Katy NastroAs the host of US Sailing’s original web series The Beat, Katy Nastro has given us a fresh, inspiring and often very amusing look at our favorite sport.

“I grew up in Huntington on Long Island,” says Katy. “I don’t come from a sailing family, although we always had a motorboat, but I remember going on a sailboat with family friends at a young age, and thinking it was thrilling. I took my first sailing lesson at the Head of the Bay Club when I was nine, and got hooked. I decided I wanted to get into sailing a bit more seriously, so I joined the junior program at Centerport Yacht Club. I owe a great deal of my passion for sailing to my instructor, David Waldo [now the Executive Director of The Waterfront Center in Oyster Bay]. David has a passion for sailing that rubbed off on me!”

Katy attended Boston College and was a member of the Varsity Sailing Team. “I was involved in other sports in high school, but in my junior year I decided to pursue sailing in college,” she explains. “I would’ve gone to school on the West Coast, but I think the best collegiate sailing teams are on the East Coast – it’s more of a competitive scene. I’ve always loved Boston, and BC has a beautiful campus and a really great sailing program. Head Coach Greg Wilkinson brought my sailing to the next level, and I owe a lot of my connections in the sailing industry to him.”

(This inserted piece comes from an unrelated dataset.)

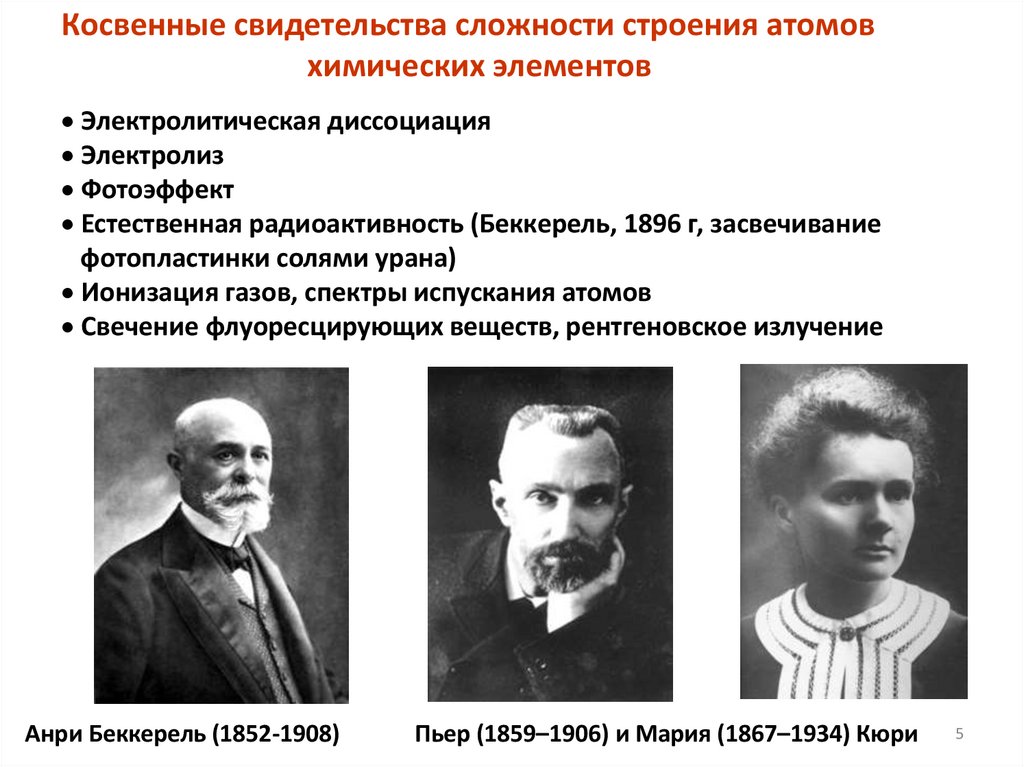 Косвенные свидетельства сложности строения атомовхимических элементов

“I was a double major in Communications and English and I had a lot of great professors, and the ‘athlete mentality’ of Boston College was very appealing,” says Katy, who served as Secretary of the New England Intercollegiate Sailing Association. “BC really supports athletes in terms of helping with time management, tutors, and anything to give them the best advantage in the classroom and on the playing field. A lot of college sailing teams have to struggle a little bit, whereas we were very lucky to have a beautiful gym and gear like warm-up outfits and bags, and we didn’t have to worry about raising money for hotels. Even though Sailing is not an NCAA sport, at BC we complied with the same standards and that made us feel that we were just as important as the Football team.”

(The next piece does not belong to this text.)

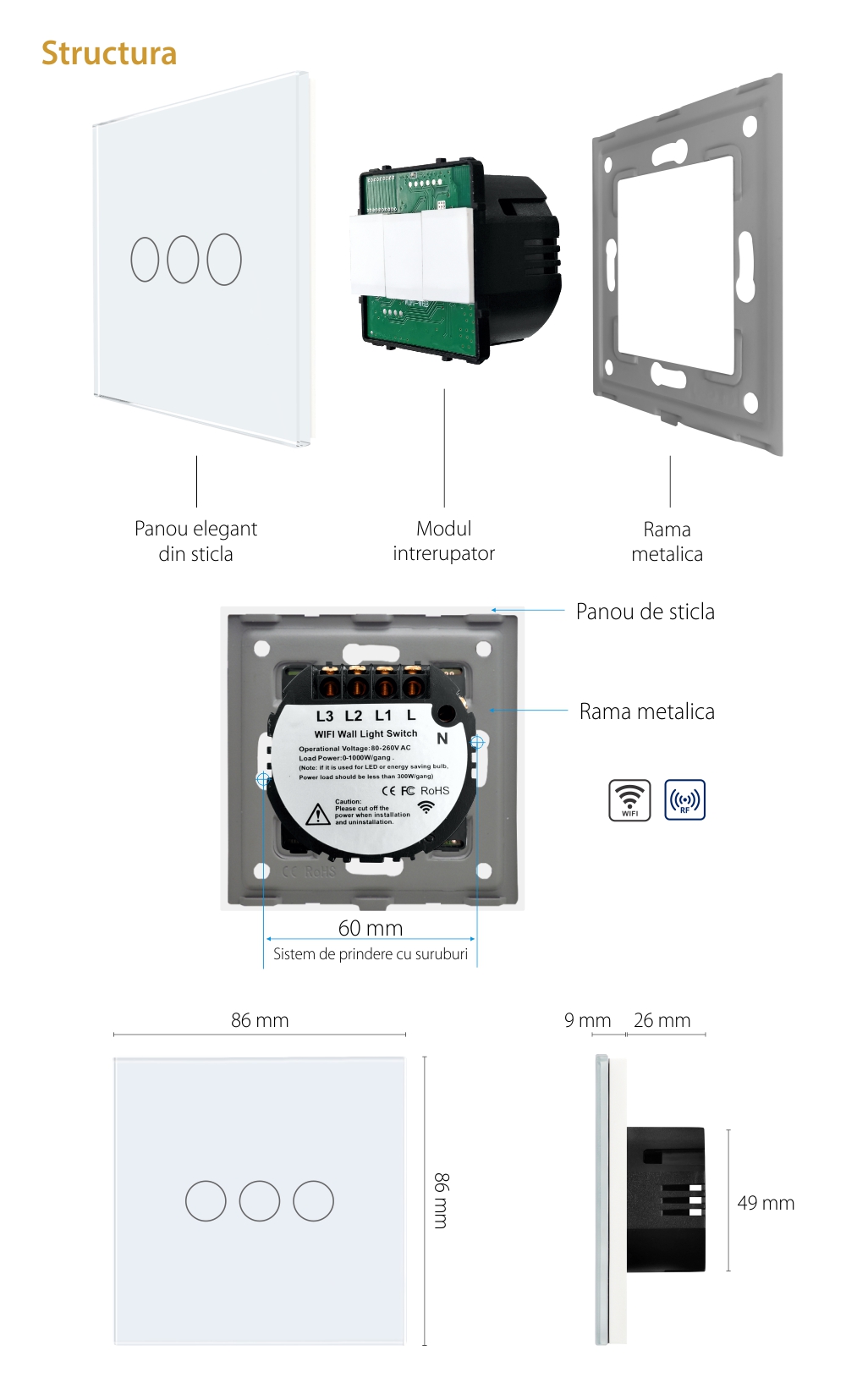 Specificatii Intrerupator Triplu Wi-Fi + RF433 Touch

Katy served as Editor of the Junior Sailing Association of Long Island Sound’s excellent Jibe Talk blog during college, having taken the reins when her good friend Nicole Hering moved on. “Nicole and I used to sail together, and her whole family helped me pursue sailing,” she says. “Nicole’s dad, Thom Hering, has emailed to say how much he loves The Beat.”

“I had taken a couple courses in video production and TV broadcasting at BC, and helped Chris Love with his SailGroove and Chalk Talk projects. Upon graduation, I wasn’t sure about which career path to take, but I knew that I wanted to stay in media so I decided to take an advertising job with The Boston Globe. The Globe launched a younger demographic website called BDCWire and they were looking for freelancers. I started writing for BDCWire, and that led to me proposing a video idea. We did a series called Lunch Dates with Kate in which I did on-site interviews with chefs and restaurateurs, and from there I got an opportunity to do some videos with Boston.com.”

The Beat was conceived by US Sailing’s Marketing Director Amy Larkin, and she proposed it to her co-workers Josh Toso [Marketing Manager] and Jake Fish [Communications Manager]. They had taken notice of some of the stuff I’d done in Boston, and they came to me last January and we mapped out a tentative season.”

With its slogan, “Live. Laugh. Splash!” The Beat s inaugural summer tour had a goal of capturing the essence of sailing. Episode 1 was filmed last May at the Volvo Ocean Race stopover in Newport, where Katy interviewed several Americans in the race. Subsequent episodes brought her to Martha’s Vineyard, Nantucket, the Chesapeake, Illinois, Colorado and California. “We did the third episode in Chicago,” she says. “We went to Wrigley Field to interview random people who were going to a Cubs game, and I asked questions about sailing. We had our doubts, but our Editor Sam Crimmins knew how to put everything together and it turned out really well…some of the answers were hilarious!”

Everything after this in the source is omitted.